Selection of aircraft and overall availability is very important. Some places I have rented have old planes that are not well equipped with avionics and not as nicely maintained. On the other hand, I have rented from some places where they have new aircraft that are maintained very well at a good price. I really like things like nice avionics, so this was important to me long term. If I could find close by planes like at McAir Aviation, I would be set. But this good a fleet list is not common.

It can be nice to have different types of aircraft to rent. If you are by yourself, you can go for the C152. If you are taking the family a C182 or C206. This is not possible when you own.

If you own your own airplane, it will be the same size no matter how many passengers you take. On the positive note, since you are flying the same plane every time, you become very familiar with it. You can leave the headsets and other items in the plane. A nice convenience.

Aircraft Location

Location of the planes is important. There are airports all over, but is the one with the good rentals the one that is close? For me, I ended up moving to a place with an airport 5 minutes away, but the good rentals 45 minutes away. This ended up being a deciding factor for me.

Rental vs Owning Cost

In order to make owning cost effective, you do need to fly a number of hours. Even then, it is not that cheap. This past year, my C182P cost $85/hour with normal maintenance and 150 hours of flying. I do have a hangar that amounts equates to $20/hour of that cost. With some extra maintenance and GPS upgrades, the cost really went up to $125/hour. That is with the plane owned without a loan; if I included interest, it might add another $30/hour to total $155/hour. So the rental seems a lot more reasonable especially if you do not fly 150 hours a year.
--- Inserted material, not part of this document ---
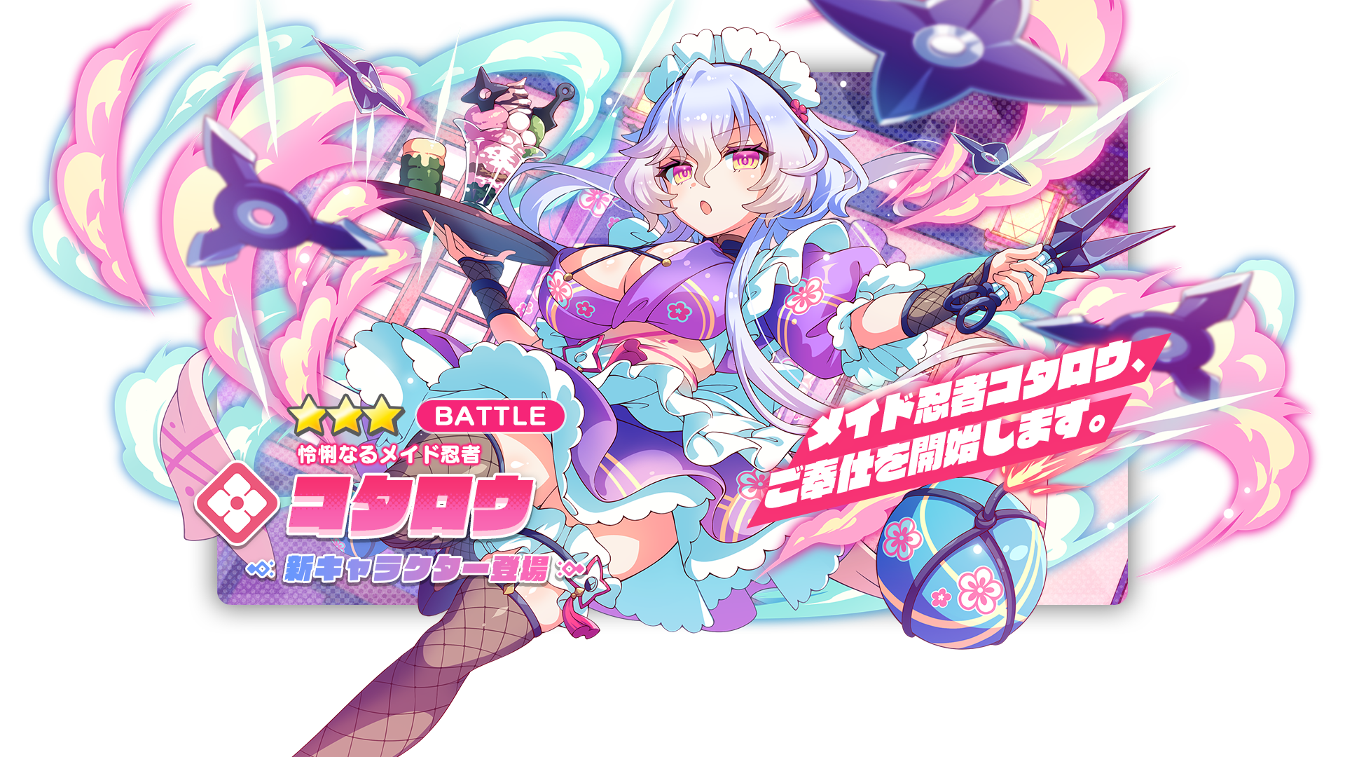本次 PU 的新角色为来自《妖怪大乱斗》的 ★3 战斗 [伶俐的女仆忍者]小太郎 [怜悧なるメイド忍者]コタロウ 以及 ★2 支援 [视线诱导、成功]小太郎 [视线诱导、成功です]コタロウ 。

At least, planes do not lose value to much. In the past, they gained value, but recently they are going down in value. But not like a car. I think planes retain value reasonably well due to new airplanes still being much more expensive than used ones and required annual maintenance keep used planes in good condition.

Once you have made the commitment to own, each hour of flying is cheaper, so you fly more. This is nice. It keeps you more current and you experience more flying...

Maintenance when you own your own plane is a plus and minus. I now try to do some owner approved maintenance and owner assisted annuals. So I know how my plane works better and what condition it is kept. But it does take time.

My decision

Location and ease of use combined with nice avionics made the decision for me. Since I was living and working 5 minutes from an airport, this was a key airport to use for me. But the rentals were not as good as I would like long term. I found a plane I really enjoy, and I have been flying it consistently (even over lunch time sometimes).

Which plane to buy... That is for another day.

/Brian

Wednesday, April 23, 2008

Free On-line Aviation Books

Now with the advent of the internet, the FAA has put many free on-line accessible items that you would have had to purchase previously. There are also many items that I did not know even existed. Below are some links to the more interesting things I have found.

Aviation Handbooks and Manuals
AIM
Aviation Instructor's Handbook
Instrument Flying Handbook
Student Pilot Guide
and others...

Aircraft Handobooks and Manuals
Airplane Flying Handbook
Glider Flying Handobbok
Seaplane, Skiplane, and Float/Ski Equipped Helicopter operations Handbook.
and others...


Searchable Aviation Circular list
FAA Aviation Weather Circular: AC 00-45F

On-line FARs

On-line AIM

On-line Airport Facility Directory

FAA On-line Approaches
This is available in a lot of places, but this is the link to the FAA's version.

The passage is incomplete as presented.